So for today while waiting for my other half side of bacon also known as my wifey to come back from church , I decided to surprise her with Dry Curry Chicken Drumsticks. The mischievious wild boar has been deviously and secretly gathering ingredients from the town market on our last visit to the town central market. I normally don’t like shopping there as it stinks but then only some stuff are easily found there for example the premixed curry paste. This stall has been around for umpteen years since as a small little cute wild boar following after my mother to do her marketing some 40 years ago. This stall is located just next to where u would normally go buy beef in the town fresh market. You need to tell her you want to buy curry paste for meat and she would just scoop all the premix for you to form just the correct mixture of ingredients. Now, what is more important is to go back home and fortify with additional ingredients which I will describe as below :-
1. 1 packet of curry paste premix from town market about a dollars worth
2. 100g of peeled and pounded or finely ground shallots
3. 50g of garlic also ground up ( you can use a mini mincer if u have one )
4. About a kilogram of meat in this case I use Chicken Drumsticks
5. A small packet of thick coconut milk …. Optional but I used a little bit
6. 3 or 4 sticks of fresh lemon grass cut into one inch lengths
7. 3 sprigs of Curry Leaves ….. Very Important
8. Some cooking Oil about 6 tablespoons and half a cup of chicken broth/chicken cube
9. Do Not Add Salt …… the curry paste is already salted !

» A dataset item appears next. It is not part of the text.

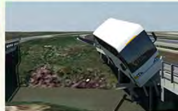
3D ANIMATION IMAGE

10. And I said a small little prayer ….. Optional hahaha
Okay, now we need to fry up the curry fragrance and this is simple just put in the ground shallots, lemon grass and garlic into medium hot oil and fry for about 2 minutes immediately after add the curry paste and continue frying for another 2 minutes. Please take care the fire must be low or it will burn up fast. Then quickly strip down all the curry leaves into the now fragrant mixture. You will observe in about 6 minutes of gentle frying and continuous stiring that the mixture will turn into a reddish brown aromatic thick paste.
Its now about time to add in the chicken and continue cooking on very low heat stirring every 5 minutes to make sure that all is well. The chicken should be cooked in about 40 minutes. Half way till being cooked you may now add a drizzle of coconut milk taking care not to turn the dish into a watery curry.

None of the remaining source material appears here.